Podem, igualmente, ter o seu escopo ampliado, em virtude de novas descobertas, novas conquistas, novas correntes de pensamento. São relativamente recentes, no rol dos direitos fundamentais da pessoa humana, aqueles que dizem respeito à defesa do meio ambiente, a direitos sociais não vinculados ao mundo do trabalho. Hoje, com as descobertas científicas no campo da genética, podemos imaginar como o rol dos Direitos Humanos voltados para a dignidade da pessoa humana poderá se ampliar. Os Direitos Humanos, no que dizem respeito à orientação sexual, por exemplo, seriam impensáveis há trinta anos; hoje eles já integram o núcleo daqueles direitos considerados fundamentais, ou seja, ninguém poderá ser discriminado, maltratado, excluído da comunidade política e social por causa de sua orientação sexual.
O núcleo fundante dos Direitos Humanos é, evidentemente, o direito à vida, porque de nada adiantariam os outros se este não prevalecesse. Quando falamos em direito à vida, reconhecemos que ninguém tem o direito de tirar a vida do outro – a não ser em legítima defesa –, mas isto também não é óbvio, se observarmos exemplos ao longo da história da humanidade. Basta ler a Bíblia para vermos, por exemplo, a legitimidade da escravidão e até mesmo a insinuação de sacrifícios humanos. Nas sociedades coloniais e patriarcais – como na história brasileira –, o pater familias tinha o direito de vida e morte sobre sua família e os agregados. Se o pressuposto dos Direitos Humanos é o direito à vida, não se pode admitir nem a pena de morte e os demais castigos cruéis e degradantes, porque isso é diretamente atentado contra a vida, e nem a exploração do trabalho, porque isso incide diretamente sobre o direito à dignidade, inclusive o direito à saúde. E aqui deve ser salientado esse ponto, que talvez seja um dos mais complexos no entendimento dos Direitos Humanos: o que queremos dizer quando falamos em dignidade humana?
É evidente que, no interior de determinada cultura, podemos saber, diante de um fato concreto, se aquilo atinge a nossa dignidade, ou a dignidade de alguém. Sabemos que são indignos certos comportamentos, certas atitudes. Todas as atitudes marcadas pelo preconceito, pelo racismo, pela exploração do forte sobre o fraco, atentam contra a dignidade da pessoa e nós assim sentimos; se algo humilha uma pessoa, a humilhação pode não atingir a integridade física, mas atinge a sua dignidade espiritual como pessoa.
De que falamos quando recorremos, em última instância, à dignidade da pessoa humana para justificar os Direitos Humanos? Durante muito tempo o fundamento da concepção de dignidade podia ser buscado na esfera sobrenatural da revelação religiosa, da criação divina – o ser humano criado à imagem e semelhança do Criador. Ou, então, numa abstração metafísica sobre aquilo que seria próprio da natureza humana, o que sempre levou a discussões filosóficas sobre a essência da natureza humana.

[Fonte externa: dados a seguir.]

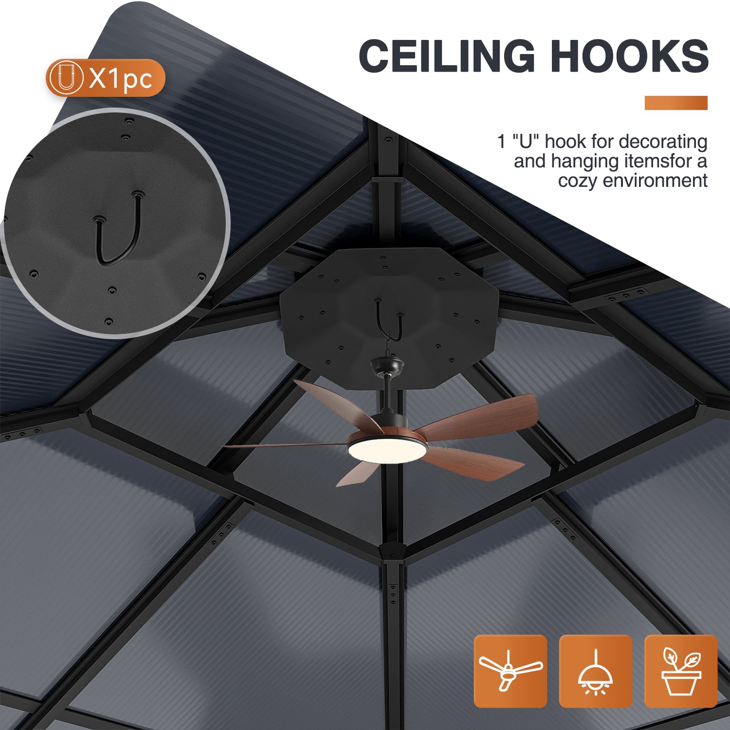 - Double Top Design: Enhance stability and durability with our outdoor Gazebo. The polycarbonate dual-layer roof boosts durability, ensuring resilience against winds, rain, and elements. Improve airflow and ventilation while protecting from harmful UV rays. Upgrade your outdoor space.

Independentemente dessas polêmicas, aqueles que são religiosos ou espiritualistas têm um motivo a mais para se preocupar com a dignidade da pessoa humana, se acreditam na criação divina, na afirmação de que todos somos irmãos, nessa fraternidade que vem da religião, como no caso, dentre outros, do cristianismo. Hoje, numa visão mais contemporânea, percebemos como todos os textos nacionais e internacionais de defesa dos direitos humanos explicam a dignidade pela própria transcendência do ser humano, ou seja, foi o homem que criou ele mesmo o Direito. Ele mesmo criou as formas da idéia de dignidade em grandes textos normativos que podem ser sintetizados no artigo 1º da Declaração Internacional de Direitos Humanos de 1948: “Todos os seres humanos nascem livres e iguais em dignidade e em direitos”. Esta formulação decorre da própria reflexão do ser humano que a ela chegou de uma maneira que é historicamente dada.
Como já foi dito acima, foi uma grande revolução no pensamento e na história da humanidade chegar à reflexão conclusiva de que todos os seres humanos detêm a mesma dignidade. É evidente que nos regimes que praticam a escravidão, ou qualquer tipo de discriminação por motivos sociais, políticos, religiosos e étnicos não vigora tal compreensão universalista, pois neles a dignidade é entendida como um atributo de apenas alguns, aqueles que pertençam a um determinado grupo.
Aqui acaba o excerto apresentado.